膝の痛み、実は『骨盤の傾き』が原因かも。
正しいしゃがみ・スクワットで痛みを解消!
この記事では、膝の痛みの原因として「骨盤の傾き」に着目し、正しいしゃがみやスクワットの方法を紹介しています。まずは膝の痛みの一般的な原因について説明し、その後、膝に負担をかけない正しい動作と、間違った動作を比較します。さらに、骨盤の傾きを改善するためのエクササイズを提案し、最終的には膝への負担を軽減するための総合的なアプローチを示します。
目次
1.膝の痛みについて
代表的な膝の病名と症状
膝の痛みにはさまざまな要因が考えられます。
代表的な病名としては、『変形性膝関節症』、『半月板損傷』、『オスグッド病』などがあります。この他にも、数多くの膝の病気や症状が存在しています。

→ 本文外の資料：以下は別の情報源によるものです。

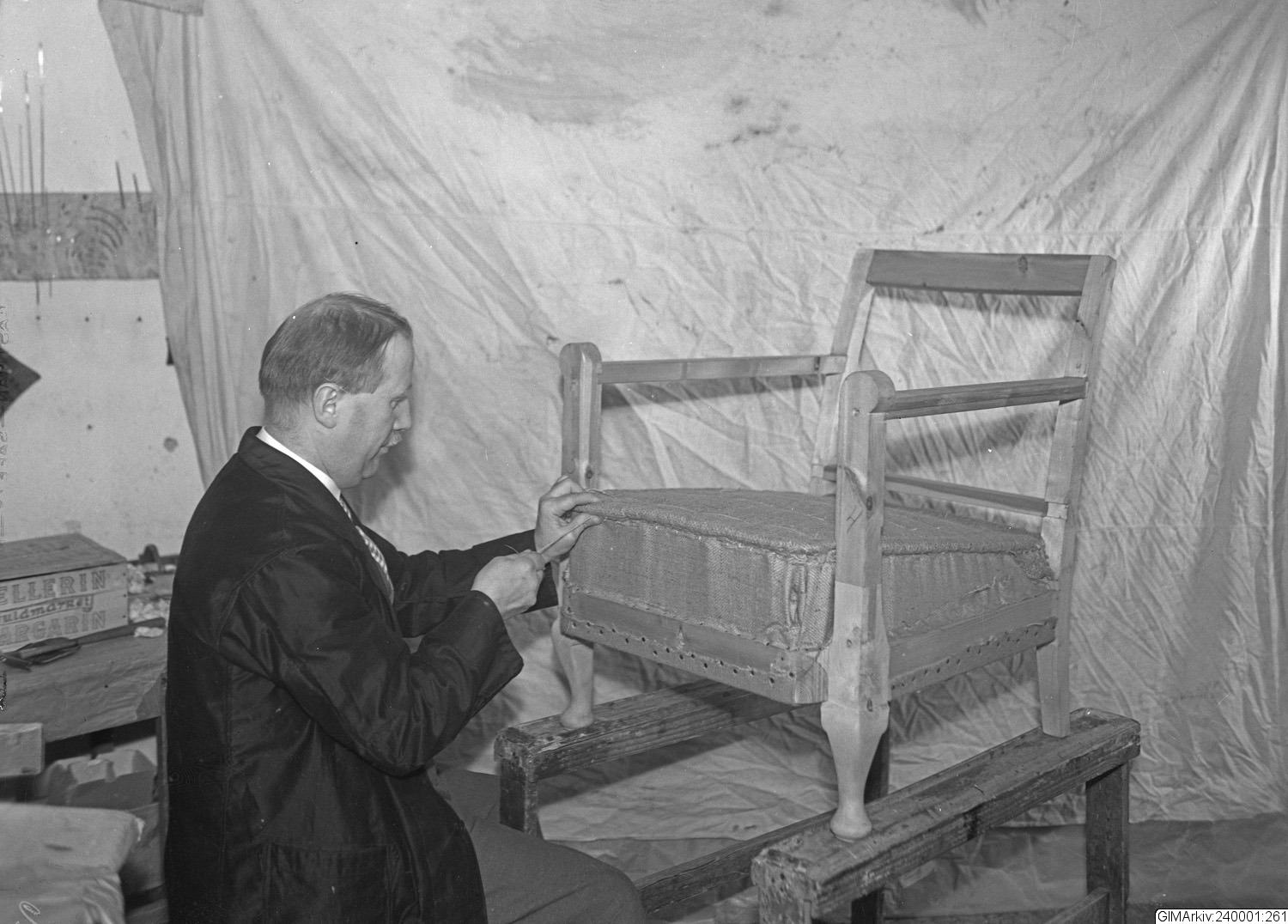 Förvarad i kuvert med texten: "Möbeltapetserare i arbete

診断はお医者さんでないとできませんので、まずは膝の状態をしっかり確認することが大切です。
“膝関節の症状 ・変形性膝関節症 · 半月(板)損傷 · 膝靱帯損傷 · 膝離断性骨軟骨炎 · オスグッド病”
引用:膝関節の症状一覧|日本整形外科学会
https://www.joa.or.jp/public/sick/body/knee.html
膝の状態を確認する重要性
しかし、多くの患者さんが病名や症状を確認しても、その後のリハビリがうまくいっていないのではないかと感じています。

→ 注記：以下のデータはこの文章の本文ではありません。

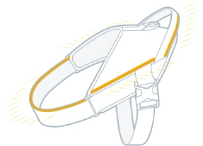 バックルの極薄形状は、犬の体にぴったりフィットします。X字型は、4方向に面取りされた 3Dジオメトリで、どの方向から見ても犬の曲線にフィットします。

病名や症状に関する情報は当院のホームページだけでなく、多くの場所から得ることができます。
ここでは、『動作から考える膝へのストレス軽減』について考えてみましょう。
ただし、標準的な骨格を持つ方のしゃがみ動作について説明しますので、すべての人に当てはまるわけではありません。

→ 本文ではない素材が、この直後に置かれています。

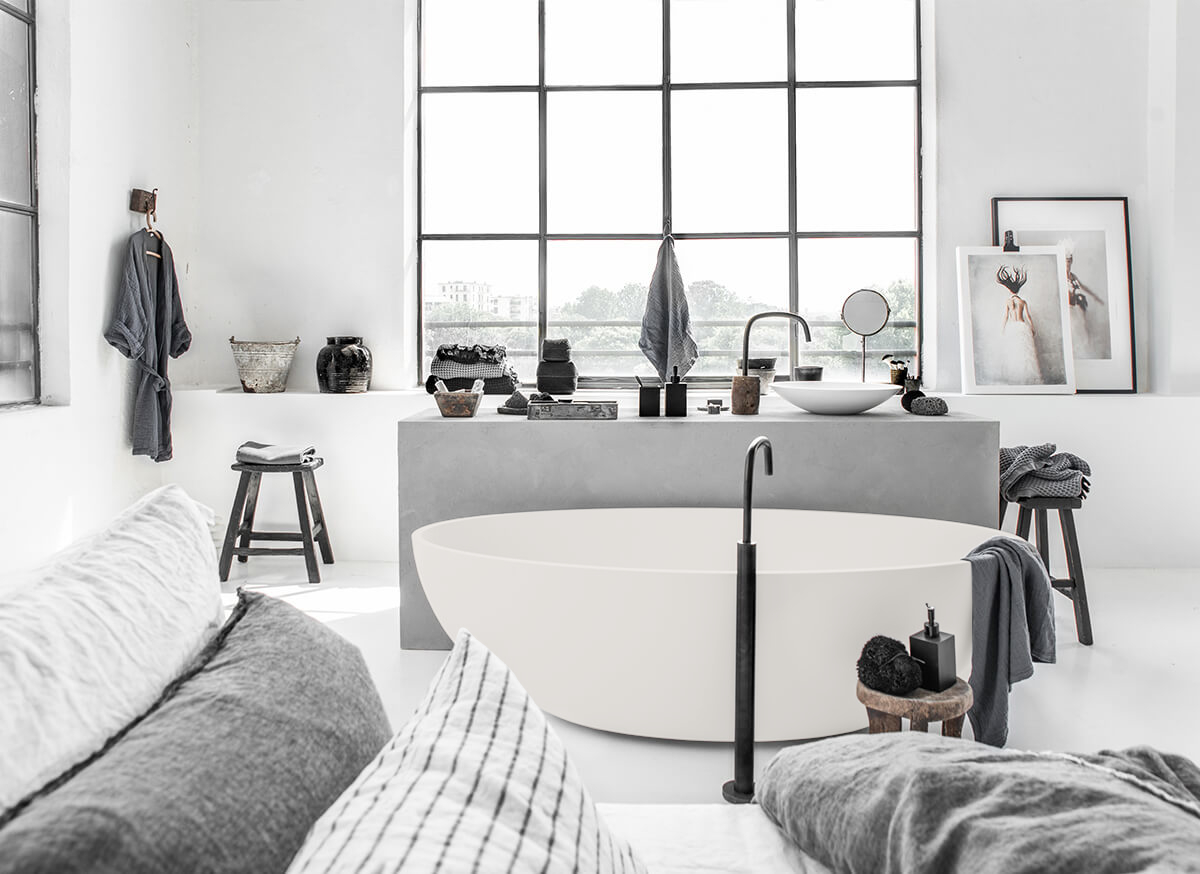 Ręcznie wyprodukowana wanna wolnostojąca z otworem przelewowym.

たとえば、手術などでおこる脚の長さの違い(脚長差)や、大腿骨や脛骨のねじれ(前捻角や脛骨の内捻・外捻など)の程度など、個々の違いがあります。
そのため、この情報を参考にして、今よりもしゃがみ動作が楽になりそうだと思った方は、専門知識を持った病院や治療院、整骨院、接骨院などでの診察をお勧めします。
2.スクワット動作・膝の曲げ方の悪い例・良い例
一般的に、スクワットやしゃがむ動作をする際に「膝を前に出さないように」と指導されたことがあると思います。これは正しい指導です。特定の目的で意図的に膝を出す場合もありますが、ほとんどの場合、膝は前に出しすぎない方が良いでしょう。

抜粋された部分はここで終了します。